Tuesday, 19 May 2020

The Boys

Looking back, the last four weeks’ posts have all covered Netflix original productions, with the three weeks before that casting Just One More Episode side-eye on further programmes watched on that platform (including the pandemic’s breakout hit, Tiger King – another Netflix production).  So let’s balance things out with the revelation that I did actually watch something on Amazon Prime Video in recent times: The Boys.  Regular readers will know I am no real fan of superheroes: I’m yet to see a good explanation for the need to wear Lycra bodysuits, and by the inevitable climactic fisticuffs to save the world, I have totally lost interest.  But friends had raved about The Boys and it seemed only right I should give it a chance.  After all, it’s nice to be proven right.


I ended up particularly engaged with the launch marketing campaign way back whenever the show first got released, during a past age when we were allowed out of our houses to touch others at will.  My job in media meant I had been invited to watch an interview being recorded with Joel Dommett.  I’m convinced he’s my twin, even since seeing him on I’m A Celeb (though by listening to his podcast Teenage Mixtape I can see clearly that our music tastes are insurmountably divergent).  I had walked across a humid London with two grads from the office, slurped some complementary wine before enjoying Joel’s chat with Laura Whitmore (pre-Love Island, post-Survival Of The Fittest).  I was just stuffing my face afterwards with free ice cream when we were asked if we would stay for a second interview – turned out they were recording a sesh with Chace Crawford that night too.


Being young, carefree, spontaneous and loads of fun, I was happy to stay.  I jest: in reality I was itching to get back to my flat for some lean chicken, sweet potato and a bit of boxset.  But I had already fully sweated through my underpants on the walk over and self-destructed on my macro requirements with my scoops of triple chocolate.  So, there was Chace, him off Gossip Girl, metres away talking about his new show: The Boys.  Sounded decent.  Nevertheless, the evening ended in faux-pas as we made for the lifts during our exit.  One of the grads declared out loud that poor Chace “is much less good looking in real life” as our elevator arrived.  Little did he realise that Chace was standing right behind him but was too gracious to respond.  With that cringe in mind, I owed it to successful Hollywood actor Chace Crawford (who doesn’t care what media grads think about his face) to watch his new show.


Like Amazon’s other centrepiece, Mr Robot, The Boys has an epic pilot episode.  There is set up galore as we are shown a world where superheroes are a commodity as commercialised as any US sport, with merchandise and revenue streams beyond anyone’s wildest capitalist imagination.  What a fun slant to take on an overdone genre: looking at the business side of rescuing plebs from danger with x-ray vision and glowing yellow eyes.  I could gladly have just followed a fly-on-the-wall documentary on the inner workings of Vought International, the fictional corporation that has globally cornered the market in caped crusaders.  But because this is drama, we need to acknowledge that we are here to see the destruction of this proffered reality for which we have suspended our disbelief, so it’s no spoiler for me to tell you that the first season slowly edges us towards the demise of this morally corrupt business endeavour.

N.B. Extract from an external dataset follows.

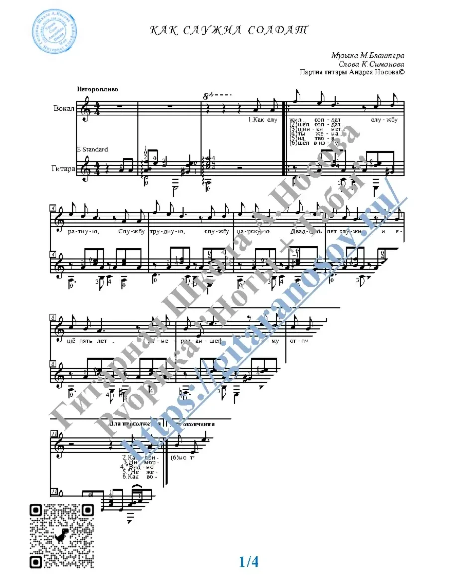 Кликните "Подробнее" для получения дополнительной информацииВашему вниманию предлагается композиция "Как служил солдат (муз.М.Блантера, сл.К.Симонова)", предназначенная для вокала в сопровождении 6-ти струнной гитары. Запись выполнена нотами и включает в себя партию вокала с подтекстовкой, партию гитары с подробнейшей аппликатурой и текст песни (НА РУССКОМ).

Sadly, so often, a great pilot can result in a huge drop off in following episodes.  Therefore, instalment two bored me and from then I was kind of done, sitting through the rest paying little attention and feeling even less.  Crawford himself is actually fairly marginal as The Deep, whose power rests in his abdominal gills.  He seemed to be there for comic relief, but without realising it.  And it wasn’t that funny, just weird.  Most of the character development had gone into his biceps.  Centre stage was, in fact, Karl Urban, as an anti-hero activist.  I don’t know what else he did as somewhere along the line the terrible decision was made for him to have a cockney accent.  Cue the worst apples-and-pears dialogue ever recorded.  Urban heads up a bunch of misfits taking on the big corp world – in fact, I think they are the titular boys, rather than the badly behaved celebrity heroes (who I kind of preferred).  If I could pinpoint the moment I turned off, it was sadly the arrival in episode two of Frenchie, a generic team member with the rebels who just left me cold with everything he did.  It’s derivative to call things derivative, but he was derivatively derivative (not the actor, the part).

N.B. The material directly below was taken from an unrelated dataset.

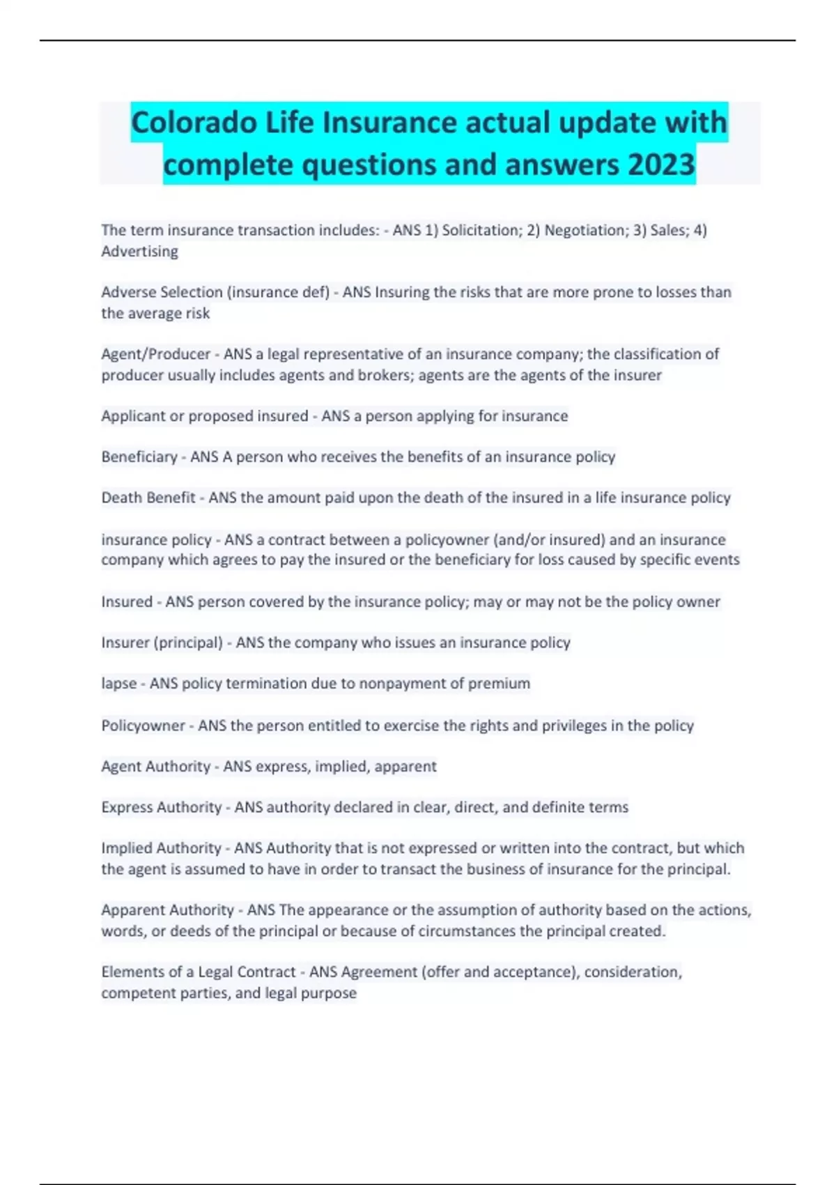 Colorado Life Insurance actual update with complete questions and answers 2023

Nevertheless, there’s plenty to enjoy: explosion-based action, wry wit, moral conundrums, romance, intrigue, a lens on our hero-worship of celebrity.  Just as the heroes care little for their fans and the great unwashed they rescue, I felt no real emotional investment in any of it.  I’m pretty sure it’s all based on some sort of book/comic source material.  There’s no way of knowing as I’m not prepared to google it – it’s better just to fire off an online rinsing, isn’t it really?  It’s reassuring to know I won’t need to watch a second season if there ever is one.  I’ll be too busy getting deep into Netflix’s much more user-friendly menu system, holding my breath for another season of Elite.